Traduit pour la première fois en français [París, 1871–1890]), entonces se demostrará que la labor de crítica literaria no descansa en conjeturas o impresiones subjetivas. Tampoco dependerá de la selección aleatoria de cosas extrañas e interesantes. Más bien tomará todo el texto, sus rasgos generales y prevalecientes. Si, y cuando, se ponga en marcha un trabajo histórico y literario sistemático sobre el Talmud de la Tierra de Israel en el Estado de Israel, los colegas allí, por su parte, se darán cuenta de que tienen que traducir todo el documento al hebreo israelí. La alternativa es un texto que nunca esté sujeto a un análisis minucioso, cuyos resultados nunca estén disponibles para pruebas y réplicas.

La traducción que he hecho se llama preliminar, y deseo hacer una breve digresión para explicar por qué. El carácter tentativo de la traducción rige el estado de todos los resultados basados ​​en ella.

Mi traducción al inglés del Talmud de la Tierra de Israel («Talmud palestino», «Yerushalmi») es provisional, aunque no es probable que sea reemplazada por algún tiempo. Es preliminar, primero, porque no se tiene un texto firme y definitivo para traducir; segundo, porque aún no se dispone de un comentario moderno de carácter filológico y haláquico; y, tercero, porque aún está por emprenderse la crítica más baja del texto. En consecuencia, los significados imputados a las palabras hebreas y arameas y el sentido que se les atribuye en esta traducción son, en el mejor de los casos, meramente un primer paso.

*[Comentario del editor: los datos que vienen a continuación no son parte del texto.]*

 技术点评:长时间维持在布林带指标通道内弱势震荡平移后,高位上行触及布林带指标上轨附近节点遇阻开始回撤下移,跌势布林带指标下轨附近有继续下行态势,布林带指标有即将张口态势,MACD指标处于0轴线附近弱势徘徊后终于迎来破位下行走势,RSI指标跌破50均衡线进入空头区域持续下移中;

Cuando se haya completado un esfuerzo sistemático en la crítica inferior del texto existente, se haya puesto a disposición un estudio filológico completo y un diccionario moderno a lo largo de líneas comparativas, y se haya completado un comentario basado en ambos, entonces el presente trabajo se desvanecerá, habiendo servido para el ínterin. . Desgraciadamente, como dije, ese interino tiende a prolongarse. Los críticos de texto, los lexicógrafos y los exegetas no son aptos para completar su trabajo sobre Yerushalmi dentro de este siglo o incluso en el próximo.

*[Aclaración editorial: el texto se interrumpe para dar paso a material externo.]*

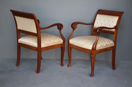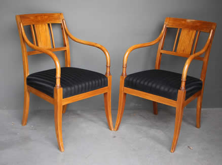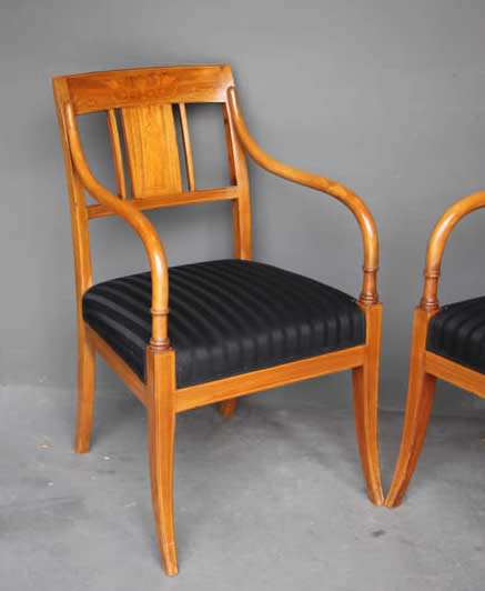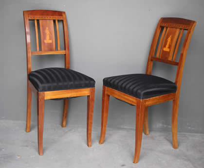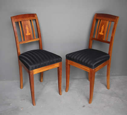 in the Empire Biedermeier manner with satinwood string inlay. The drop on seats

El propósito de mi traducción preliminar es hacer posible un conjunto de estudios históricos e histórico-religiosos sobre la formación del judaísmo en la Tierra de Israel desde el cierre de la Mishná hasta la finalización del Talmud de la Tierra de Israel y el tiempo de la composición de las primeras compilaciones midráshicas. Evidentemente, ninguna obra histórica, y mucho menos religioso-histórica, puede contemplarse sin una teoría del principal documento y fuente de estudio, el Talmud palestino.